Advice please; managing a violent situation at Recepetion year and onwards

158 replies

Chilicosrenegade · 20/06/2016 10:19

Hello,

This could be an emotive subject. I understand. However I am looking for constructive comment to managing a complicated ongoing situation please.

My DD is presently in Reception. Its been a rough year. She entered via its Nursery. We had a great year then. No issues with anything. In reception children entered from outside. New to the school, the rules and each other. Naively (now) we didnt think much of this.

One child, a boy, turned out to be quite volatile. My dd was hit regularly for 3 weeks before sobbing to me in the car about how scared she was to go in. Id genuinely had no idea. And dd had thought this was normal til she couldnt cope any longer. This coincided with a parents evening. Naturally I raised it. Our perfectly nice new teacher didn't have the ability to answer anything. She is recently qualified (inside 5yrs) and sadly kept saying she could listen but couldn't answer questions for fear of breaking confidentiality. She took our concerns on board. Nothing changed for a week. He hit my Dd again. I went to the HoY, notified our teacher I was doing so for fairness. Basically said I need information as to whats happening and how to protect my child. By this stage she was hating school. She was bitten, kicked, scratched, thumped, hair pulled, pushed over, tripped over, had pencils thrown at her, writing paper thrown at her, paint thrown at her, (this is extremely painful to write) he yanked her backwards by her pony tail so hard hair was removed from her head.

We called a meeting with the Head. We were advised no information could be given about X. We had copied the school policies and highlighted where infractions were occurring against the policies. We were advised that as they were under EYFS these policies didn't apply. We were advised they were monitoring and dealing with the situation. We could not be told how. Advice was being sought, by who we could not know. We asked if this was happening to other children, we could not be told. We were told that some children didnt attend any kind of school environment so were taking a while to settle. That it would improve.

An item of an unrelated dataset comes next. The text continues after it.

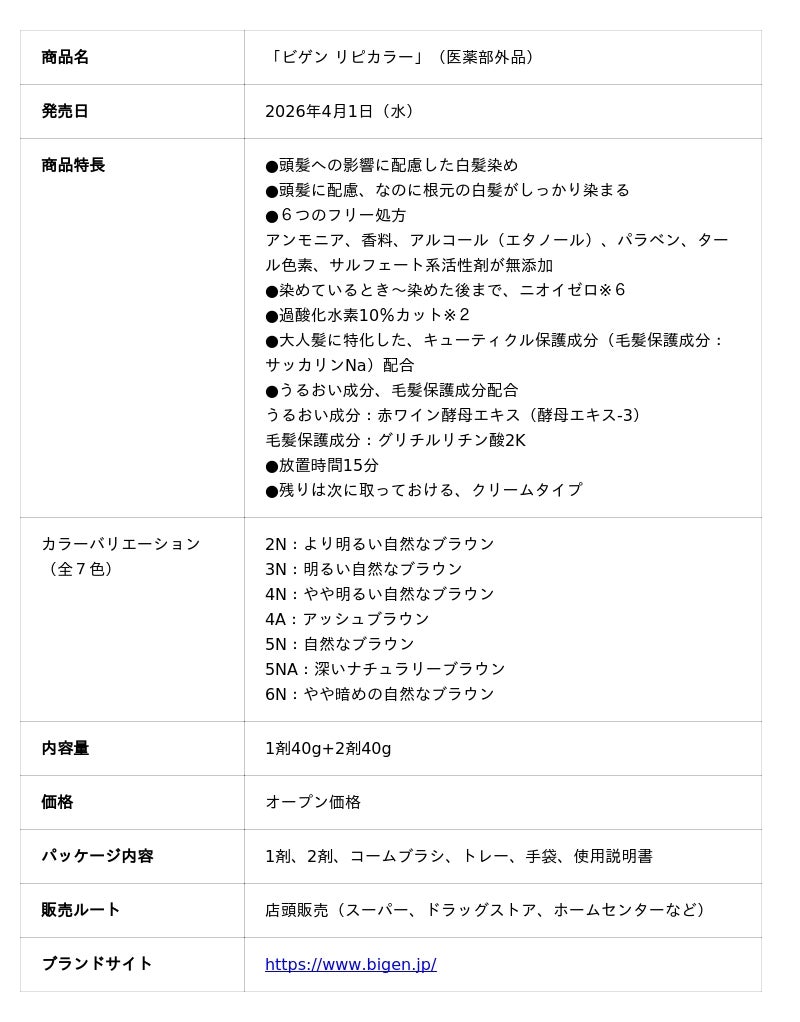 ホーユー株式会社(本社:愛知県名古屋市、代表取締役 社長執行役員:佐々木 義広、以下ホーユー)は、長年白髪用カラーリング市場を牽引してきたブランド「ビゲン」から、白髪が気になり「本当はこまめに染めたい」のに、髪の状態やニオイ、染まり、コストなど様々な“不安”から、染めるタイミングを先延ばしにしてしまうお客様の“ジレンマ”に着目し、その根本課題に応える白髪染め「ビゲン リピカラー」を、2026年4月1日(水)より発売いたします。

3 weeks later my DD refused to go in. She loves school. Shes a keen kid, I make no apology for being lucky at present. I know this. We called another meeting. We had a book which went between school and home and recorded incidences and equated her happiness on a "Happy face" chart. Things improved it appeared in her appreciation but not in the rate of attacks.

Between Jan and feb half term we had two further meetings after attacks. She was punched in the eye and stood on and he fell on her knocking her over and hitting her head on a desk. These were again attributed to 'accidents'. Everything is an accident. She has to understand. She should move away from him. She should change play area. She should move away. She should understand him and his ability or lack of whichever applicable. They are both 5. To be honest the language used makes me sick. Its like domestic violence. For me, they are asking her to alter her behaviour to accommodate another and explain it by "he wanted it, so I left it" "he didnt mean to hurt me, it was an accident when he hurt me".

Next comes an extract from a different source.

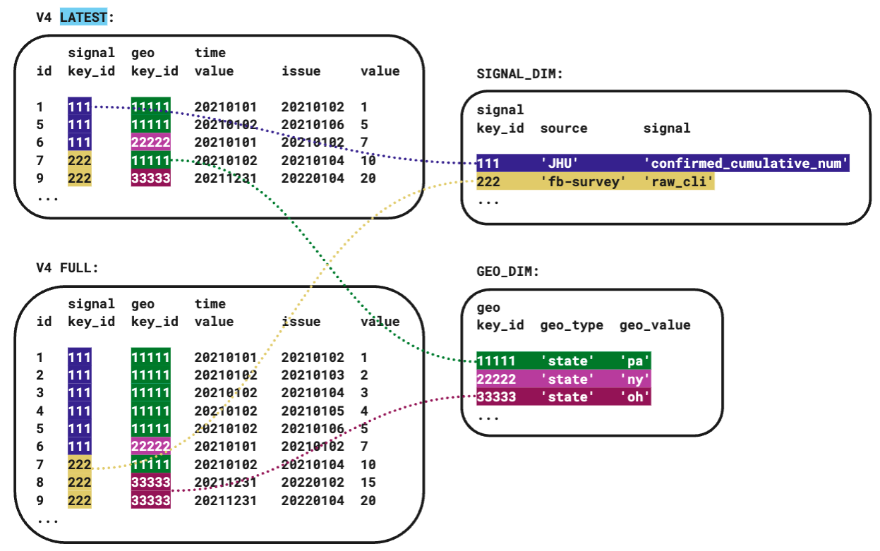 Epidata v0.4.0 (“v4” for short) launched on September 26, 2022, bringing about a major revision to how we store data served by the Epidata API. The changes prioritize fast access to the most up-to-date data while retaining the deep data revision history needed by researchers. The launch included a prototype of a modular data organization system intended to generalize across multiple pathogens, with stubs for more advanced and efficient timestamping and greater flexibility in data stratification.

Ive since obviously found out from other parents that other children are experiencing similar. Its hinted that theres SEN, but thats not confirmed or denied and leaves us unable to understand anything or feel any confidence.

We have just found out they are not mixing classes this coming year for Year 1. So she has another year of this. Its been hinted that it would be traumatic for him. But the attacks are lesser bi weekly approximately. Now we have alternate issues. Now he regards DD as a friend, hes pushed over 3 children seperately for playing with her makiing them cry. Playmates shes had since nursery are not necessarily playing with her if he comes near. Shes upset. Shes been asked to be his lunch buddy but he scares her but as the school rule is "We are nice to everyone" shes been forced to assist him, swallow her fear of being hurt for fear of breaking a school rule. Shes 5.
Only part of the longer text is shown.